Near by is the Hawa Mahal. You enter around the back into courtyard with a fountain in the centre. The architecture is a mixture of Rajasthani and Mughal with symmetry playing a big part. Afternoon sunlight was illuminating the famous stained glass windows filling the internal rooms with colour. However the main attraction was seeing the building from the outside. Originally it was built so the noble women could look down and watch the city life. All the windows on the main facade are covers by intricate screens or stained glass so the women could not be seen.

Our last landmark of the day was to climb the stairs of the Iswari Minar Swarga Sal tower rooted in the centre of the pink city. The 360 views were incredible and we could see all the places we had been so far. We stood for a while to take it all in then headed back to the guest house via a ridiculously spicy kabab. 

Our final act of tourism was to rise early and ride an elephant up to the Amber Palace situated just north of the city. We caught a local bus and had a bite to eat on the street below the fort. It was a great breakfast setting as the bright Amber coloured walls cast a warm light over the surrounding area. We could see a procession of elephants marching up to the fort so we got in line and joined in. This was the way Kings used to enter the palace, and we thought it would be cool to do the same. 

We disembarked off the elephant in the main courtyard and decided to get a guide to bring it all to life a little. He was brilliant! And told us loads of interesting stuff such as, the Hindu architecture styling (animal carvings) and the Persian architectural styling (geometric patterns & symmetry) came from the Emperors two wives who were from different places and held different beliefs, the water systems in place dripped water through grass curtains creating a fragrant form of aircon when the breeze passed through the grassy screen, there were different palaces for monsoon, summer and winter, and talked about the amazing hall of mirrors, each one convex, meaning you are reflected a thousand times. 

After a hour or so wondering around the palace, our guide showed us a secret passageway to the Jaigarh Fort further up the hillside behind. This was used as a secret escape tunnel by the emperor.

We spent an hour or so up there looking at the beautiful views over the city and surrounding hillside. It was a beautiful scene that you could get lost in for hours. The highlight of the fort is the world largest cannon. It is bloody massive, however it was only fired once as a test sending a giant cannonball 22km. The fort was so feared that no body ever attacked it so the canon just sits above the city crowning the fort.  

We hid in our new favourite coffee house while the sun did its work, and in the evening walked up the road to the Raj Mandir cinema to experience our first Bollywood film. The cinema was an incredible building, it looked like the set of a Disney film with bright lights and curly flourishes. Inside a huge winding staircase with a red carpet consumed one side, while ornate gold and silver paneling and large chandeliers filled the rest of the space. It was full of people, it felt a lot more special than a UK cinema. Having only one screen it felt more like a theatre than a cinema, you could even get VIP seats and treatment. The film was a action / sifi / romance called Mr X and was completely in Hindi. However the over the top expressive acting made it easy to follow, almost more so than a silent move from the twenties. The audience were brilliant, every time there was any passion (the most being a kiss) or a cliche heroic moment, the auditorium would be filled with whoops and cheers! It was awesome. 
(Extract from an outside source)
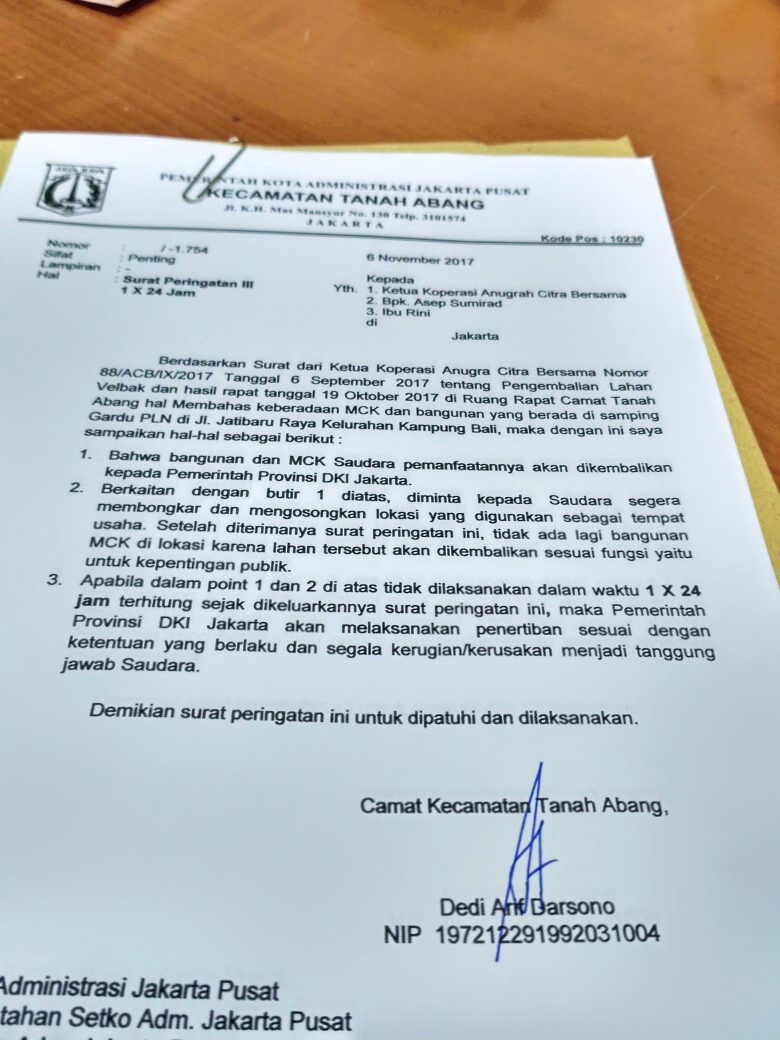 Adukan Surat ke Walikota, Warga Minta WC Pelbak Blok G Minta di Bongkar

The following day we chilled out at the hotel and achieved very little. We spent a long time chatting to the hotel owner. He was a lovely man and we whiled away the afternoon talking about all things from old Bollywood films to his family and his travels in Europe. We decided that with the temperature hitting around forty making the majority of the day unpleasant, we would cut short traveling through Rajasthan and head north back towards the Himalayas for cooler climes. Later that evening we had a fantastic curry in a street food stall on the road outside the station, then curled up in the sleeper train for our 14 hour journey to the city of Amritsar, 30km east of the Pakistan border.